Интересно, а Чинга помнил ли своего маленького подопечного? Наверное, всё-таки да, Сифу очень хотелось в это верить. Потому что тогда, после полусмерти Найдохи, в выздоровление которого никто, в общем-то, и не верил, Чинга стал маленькому Индейцу самым близким человеком в разведвзводе, не зря же Сиф так чётко помнит все найденные им фотографии…

Жаль, нет фотографий дороги. Машины. Гильзы от винтовочного, снайперского патрона, калибра 7,62 западного стандарта, покачивающейся под зеркальцем заднего вида, подвешенной там вроде брелка. Чинги за рулём, вглядывающегося в дорогу, и Сивки, пристроившегося рядом.

Хотя нет, лучше без Сивки. Свои военные фотографии Сиф не любил — уж больно страшён он на них получался. Крыса-крысой с котлом кипящей смолы внутри. Улыбка — случайность. А смеяться, казалось, тот обнимающий «внучок» мальчик не умел вовсе.
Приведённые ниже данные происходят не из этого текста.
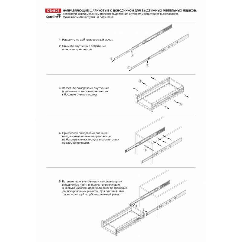 Satellite DB4505 – шариковые направляющие с амортизацией европейского стандарта. Satellite, как надежный спутник любой мебели, обладает современными характеристиками. Модель обеспечивает равномерный, бесшумный и стабильный ход и мягкое деликатное закрывание. По комфорту движения Satellite можно сравнить с системами выдвижения нового поколения (скрытого монтажа, B-box). Модель надежна и долговечна – она обладает оптимальной грузоподъемностью 35 кг и гарантирует бесперебойную работу механизма на протяжении более 50 000 циклов открывания/закрывания. Функция самопостановки седла механизма доведения в рабочее состояние сделает эксплуатацию максимально легкой и удобной без необходимости демонтажа ящика. Направляющие Satellite обладают максимально возможным для выбранной длины выдвижением. Новинка ориентирована на сегмент средний и средний+, поставляется в индивидуальной упаковке и комплектуется всем необходимым крепежом.

Напряжение убивало настоящий смех, превращая нервы в обледенелый комок, который нельзя уже было расколоть. Чинга советовал вылить весь этот лёд пополам со смолой обычной человеческой истерикой, потому как невозможно не обжечься с этаким дьявольским котлом внутри. И невозможно долго носить глыбу льда за пазухой, и не примёрзнуть к ней окончательно.

Октябрь 2006 года. Забол, где-то в верховьях Ведки

… Да только разве был Маська готов устроить буйную истерику? Уж проще ему было быть не ребенком, а злой на весь свет крысой… Чинга вздохнул и отвернулся, сосредоточившись на дороге. Очень не вовремя отправился поближе к тому свету Найдоха. Очень. Чинга понимал, что должен как-то привести пацана в чувство, но получалось плохо.

В соседнем кресле Маська повернулся на бок и принялся наблюдать из-под завешивающей глаза чёлки за водителем. С отстраненным любопытством, но взгляд… выжидающий. Будто задал вопрос и ждёт. Чинга уже понял, что никаким вопросом здесь и не пахнет, но всё равно кажется, что мальчишке нужен какой-то ответ, и от этого Чинга начинал нервничать и испытывал дикое желание что-то говорить, как-то разбивать образующуюся в кабине тишину.

… Надоело наблюдать за водителем Сивке нескоро. И не столько за водителем, сколько за колеблющимися стрелочками приборов или за винтовочной гильзой, которая раскачивалась тем сильней, чем веселее прыгала машина по ухабам. Все эти мелкие движения завораживали паренька совершенно магическим образом, Чинга лишь посмеивался, нервно немного, чувствуя себя гипнотизёром с магическим шаром.